Data Mining for Yelp Dataset

Authors

Group 16 (Ordered by alphabet)

Bian WU [Email] [GitHub]
Lingzhi CAI [Email][GitHub]
Shenggui LI [Email] [GitHub]
Yanxi ZENG [Email] [GitHub]
Yuanming LI [Email] [GitHub]

Install

Please make sure that you have installed Conda, and have at least one CUDA device.

# install Conda env
conda env create -f environment.yml
# activate Conda env
conda activate ntu-dm

# add pytroch with specific cuda version
conda install pytorch cudatoolkit=<your cuda version> -c pytorch -y

# create data folders
mkdir -p {data,output}

# set python path when run
export PYTHONPATH="${PWD}"

Download Data

Download dataset
We are using Yelp dataset provided by Kaggle. The dataset contains 5 JSON files, 8 GB after unzipped. Please download the data from Yelp or Kaggle, move it into data folder and unzip it:
```
mv yelp-dataset.zip data/
cd data
unzip yelp-dataset.zip
cd -
```

Download nltk model

python -c "import nltk; nltk.download('stopwords'); nltk.download('punkt')"

Download pre-trained weights Download weights and data, move and unzip it:
```
mv 4032-data.zip data/
cd data
unzip 4032-data.zip
cd -
```

Prepare Data

You should seek for help if you do not have a high performance computer with memory larger than 40GB, as creating the database from Yelp dataset invokes large data frame processing. If you do not have access to such resources, please drop us a email for the request of linux-built SQLite database file.
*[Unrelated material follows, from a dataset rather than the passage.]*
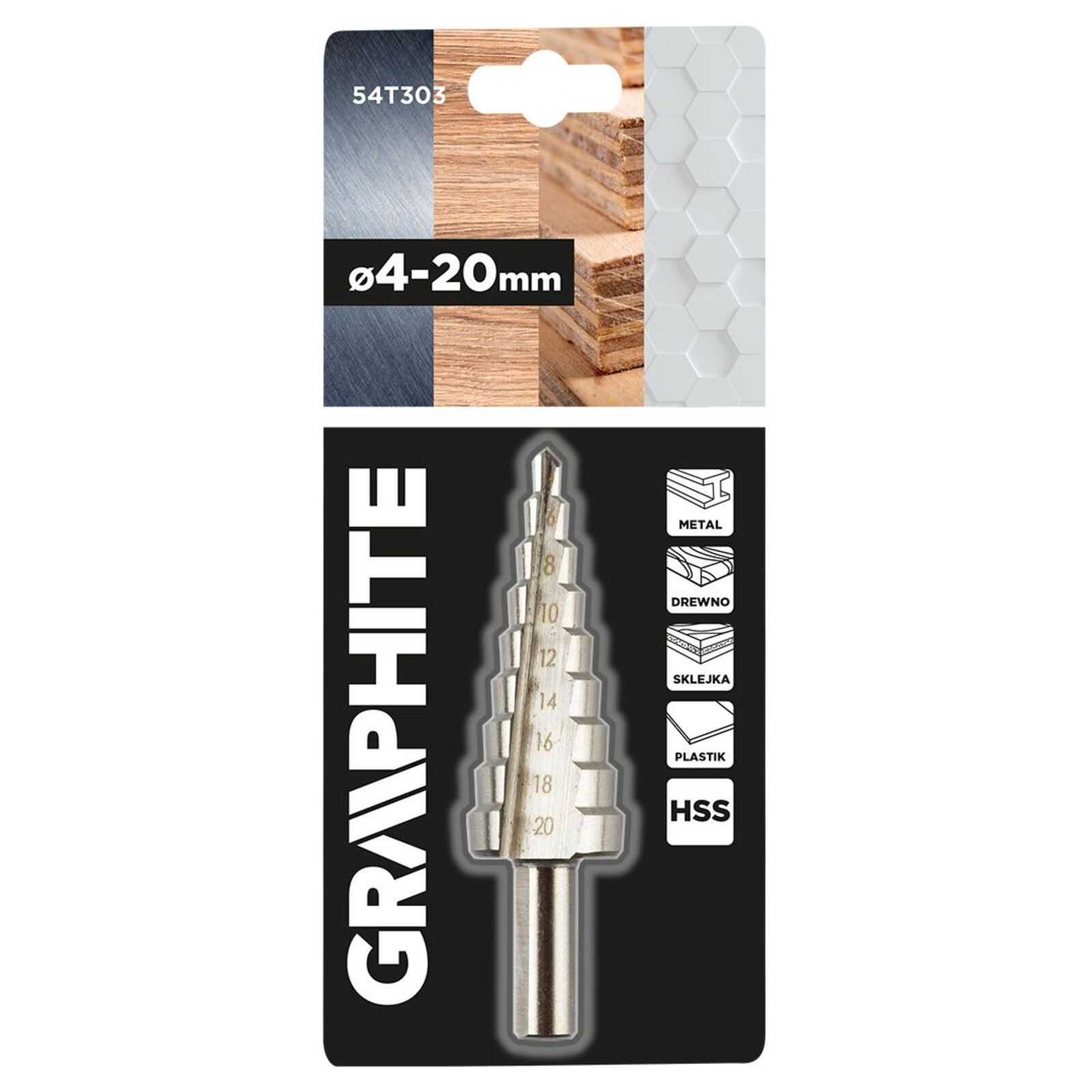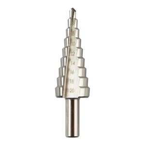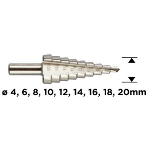 GRAPHITE 54T303 Lépcsős fúró, HSS, 4-20mm. Segítségével 4 és 20 mm közötti átmérőjű furatokat készíthet. Tökéletes szerszám fémlemez, műanyag és fa megmunkálásához. Profi és hobbi használatra egyaránt ajánlott.

The reason that we do not provide a processed file via google drive is as following from Yelp Dataset Term of Use:

4
A. display, perform, or distribute any of the Data, or use the Data to update or create your own business listing information (i.e. you may not publicly display any of the Data to any third party, especially reviews and other user generated content, as this is a private data set challenge and not a license to compete with or disparage with Yelp);
...
E. create, redistribute or disclose any summary of, or metrics related to, the Data (e.g., the number of reviewed business included in the Data and other statistical analysis) to any third party or on any website or other electronic media not expressly covered by this Agreement, this provision however, excludes any disclosures necessary for academic purposes, including without limitation the publication of academic articles concerning your use of the Data;
...
H. rent, lease, sell, transfer, assign, or sublicense, any part of the Data;
...
I. modify, rate, rank, review, vote or comment on, or otherwise respond to the content contained in the Data;

# create SQLite database
python scripts/create_tables.py

# loading data into the database (slow)
python scripts/load_data.py

# process dataset (very slow)
python scripts/process_dataset.py

# pretrain model
python scripts/pretrain-model.py

Examples

Note: You output files are all in output/

Statistical Learning Models

Note: SVM and XGBoost may takes a very long time in prediction and testing.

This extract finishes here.